Once again, the General Assembly is considering legislating a scientific fact. Back in the 19th century, the General Assembly attempted to legislate the value of pi. Now, they’re giving another shot at trying to define when human life begins and, perhaps worse, compelling a woman’s doctor to endorse the General Assembly’s fiat. (See my prior blog entry on the subject here.) Rich Callahan, writing for the Associated Press, has an article entitled Abortion bill sets when life begins which discusses SB 172. The bill was heard in Senator Miller’s Committee on Health and Provider Services. No votes were taken after the hearing, but it might come up for a vote next week.

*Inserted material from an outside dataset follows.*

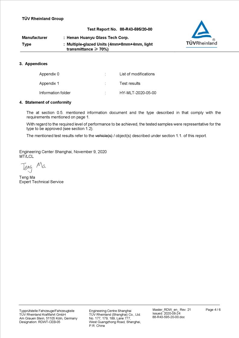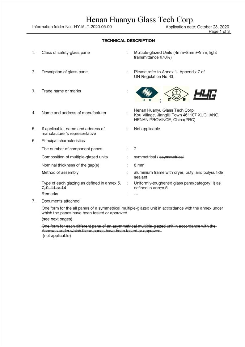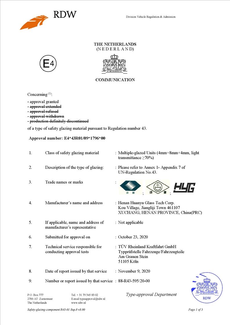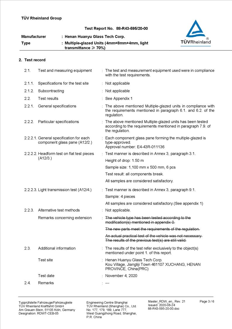 河南環(huán)宇玻璃科技股份有限公司年產(chǎn) 5 萬平方米驗收報告公示
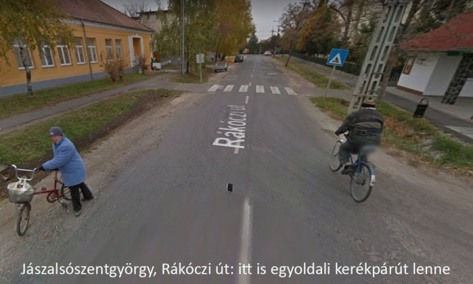 Jászalsószentgyörgyön a falut keresztülszelő 32-es útból leágazó Rákóczi út mellett épülne kerékpárút. A projekt költsége 150 millió Ft, hasznosságát pedig mindenki ítélje meg maga a Google Street View fotója alapján, ahol békében kerékpároznak az úttesten a falubeliek:

The bill requires a physician inform a pregnant woman that a fetus might feel pain, and also give notice to the patient in writing at least 18 hours before an abortion concerning the availability of adoptions, concerning physical risks to the woman in having an abortion, and stating that human physical life begins when a human ovum is fertilized by a human sperm.
At the hearing, the bill drew criticism from at least two religious groups, Rev. Michael D. Mather of Broadway United Methodist Church and David Sklar and Linsdsey Mintz of the Jewish Community Relations Council:
[He] told the committee that not even fellow Methodists agree on when human life begins. As written, Mather said the legislation represents one religious viewpoint — the belief that human physical life commences when a sperm fertilizes an egg.
“I believe that what is matter of faith should not be a matter of law,” he told the panel.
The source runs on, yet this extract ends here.